Try it:
Copy each line below exactly and leave the pictures out.

Data:
______

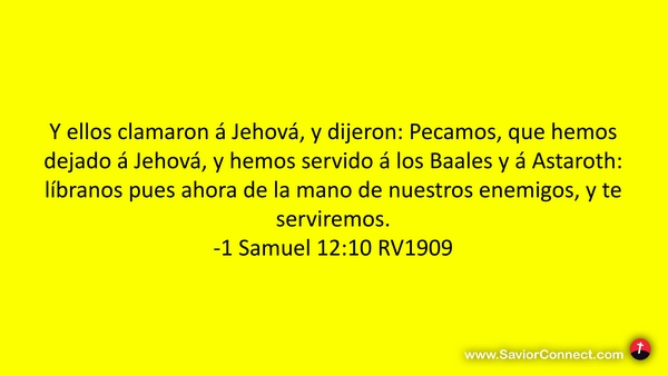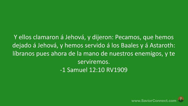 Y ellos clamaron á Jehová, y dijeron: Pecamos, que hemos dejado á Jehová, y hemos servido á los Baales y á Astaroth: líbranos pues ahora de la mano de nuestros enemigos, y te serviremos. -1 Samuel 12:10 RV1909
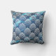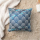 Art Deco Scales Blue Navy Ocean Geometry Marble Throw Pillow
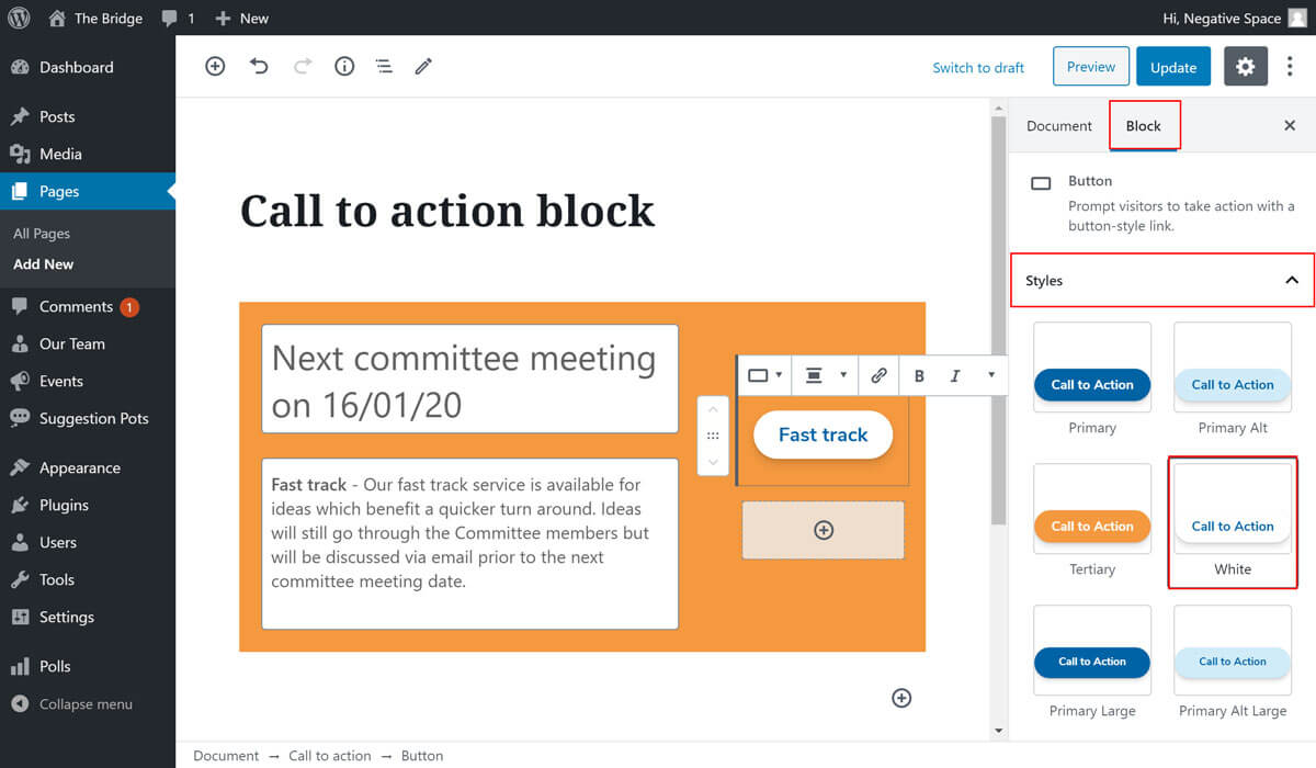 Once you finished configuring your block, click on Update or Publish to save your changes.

______

Expected answer:
 Y ellos clamaron á Jehová, y dijeron: Pecamos, que hemos dejado á Jehová, y hemos servido á los Baales y á Astaroth: líbranos pues ahora de la mano de nuestros enemigos, y te serviremos. -1 Samuel 12:10 RV1909
 Art Deco Scales Blue Navy Ocean Geometry Marble Throw Pillow
 Once you finished configuring your block, click on Update or Publish to save your changes.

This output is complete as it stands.